Deformable substrates such as sand and mud present significant challenges for terrestrial robots due to complex robot-terrain interactions. Inspired by mudskippers, amphibious animals that naturally adjust their tail morphology and movement jointly to navigate such environments, we investigate how tail design and control can jointly enhance flipper-driven locomotion on granular media. Using a bio-inspired robot modeled after the mudskipper, we experimentally compared locomotion performance between idle and actively oscillating tail configurations. Tail oscillation increased robot speed by 67% and reduced body drag by 46%. Shear force measurements revealed that this improvement was enabled by tail oscillation fluidizing the substrate, thereby reducing resistance. Additionally, tail morphology strongly influenced the oscillation strategy: designs with larger horizontal surface areas leveraged the oscillation-reduced shear resistance more effectively by limiting insertion depth. Based on these findings, we present a design principle to inform tail action selection based on substrate strength and tail morphology. Our results offer new insights into tail design and control for improving robot locomotion on deformable substrates, with implications for agricultural robotics, search and rescue, and environmental exploration.

Paper Structure

This paper contains 12 sections, 8 figures.

Figures (8)

  • Figure 1: Locomotion challenges on deformable substrates and biologically-inspired solutions. Deformable substrates can cause catastrophic failures for vehicles (A) and robots (B), including sinkage, slippage, or even getting completely stuck. A flipper-driven locomotor, the mudskipper mudskippertail (C), can utilize its tail to effectively move through sand slopes and muddy terrains (D).

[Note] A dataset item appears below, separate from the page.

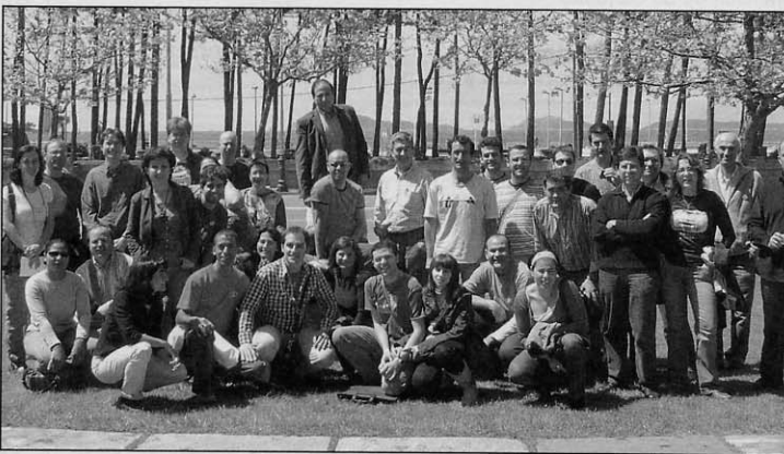
La final del certamen se celebró en Vigo.

  • Figure 2: Experimental setup. (A) A mudskipper-inspired robot as a physical model to systematically test the effect of tail oscillation on locomotion performance in granular media. The two front flippers rotate synchronously in the sagittal plane at a constant angular speed, $\omega$, while the tail oscillates horizontally with amplitude $\alpha$ and frequency $f$. (B) Two tail actions were tested: idle tail and oscillating tail. (C) Various tail morphologies were tested, with the tail height, $l$, kept at 40 mm, and the tail support area ( i.e., the projected surface area perpendicular to the penetration direction), $A$, ranging from 2 cm$^2$ to 24 cm$^2$. (D) Experimental apparatus to assess robot locomotion performance on granular media, with four motion capture cameras tracking the robot's forward and backward movements and a lateral video camera recording the tail-terrain interaction.

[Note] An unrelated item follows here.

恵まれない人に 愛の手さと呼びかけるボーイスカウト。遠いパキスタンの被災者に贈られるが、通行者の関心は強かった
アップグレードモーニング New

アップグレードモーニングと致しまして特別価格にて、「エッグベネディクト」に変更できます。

  • Figure 3: Comparison of average forward speed ($v_x$) of the robot between idle and oscillating tails. Results are shown for tail size $A=$16 cm$^2$.

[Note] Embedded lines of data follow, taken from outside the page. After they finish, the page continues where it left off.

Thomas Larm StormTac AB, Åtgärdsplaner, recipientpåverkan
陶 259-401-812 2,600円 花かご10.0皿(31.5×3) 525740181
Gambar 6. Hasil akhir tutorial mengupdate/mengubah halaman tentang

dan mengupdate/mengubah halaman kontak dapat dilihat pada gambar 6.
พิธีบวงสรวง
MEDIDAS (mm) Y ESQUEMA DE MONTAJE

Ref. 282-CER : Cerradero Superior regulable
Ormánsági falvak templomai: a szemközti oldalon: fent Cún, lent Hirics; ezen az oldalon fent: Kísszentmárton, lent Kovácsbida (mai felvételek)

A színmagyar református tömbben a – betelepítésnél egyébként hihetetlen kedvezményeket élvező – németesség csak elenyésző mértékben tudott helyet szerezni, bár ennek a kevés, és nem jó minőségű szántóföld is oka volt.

  • Figure 4: Percent improvement in averaged forward speed ($\eta = (v_o - v_i) / v_i$) with an oscillating tail compared to the idle tail, for different tail support surface areas, $A$.
  • Figure 5: Shear force experiments. (A) Schematic of the force data collection setup. The robot body is dragged horizontally through the granular media over a total distance of 18 cm with a constant velocity of 2 cm/s, at a fixed insertion depth of 1 cm. The shear resistance force exerted on the robot body, ${f_x}$, was measured using a force sensor. (B) Shear resistance force measured from both the oscillating and idle tail conditions, plotted against the shear distance, $s$. (C) Comparison of the averaged shear force, $\bar{f_x}$, between the idle tail and oscillating tail. $\bar{f_x}$ was computed as the averaged shear resistive force, ${f_x}$, between $s$ = 2.5 cm and $s$ = 17.5 cm.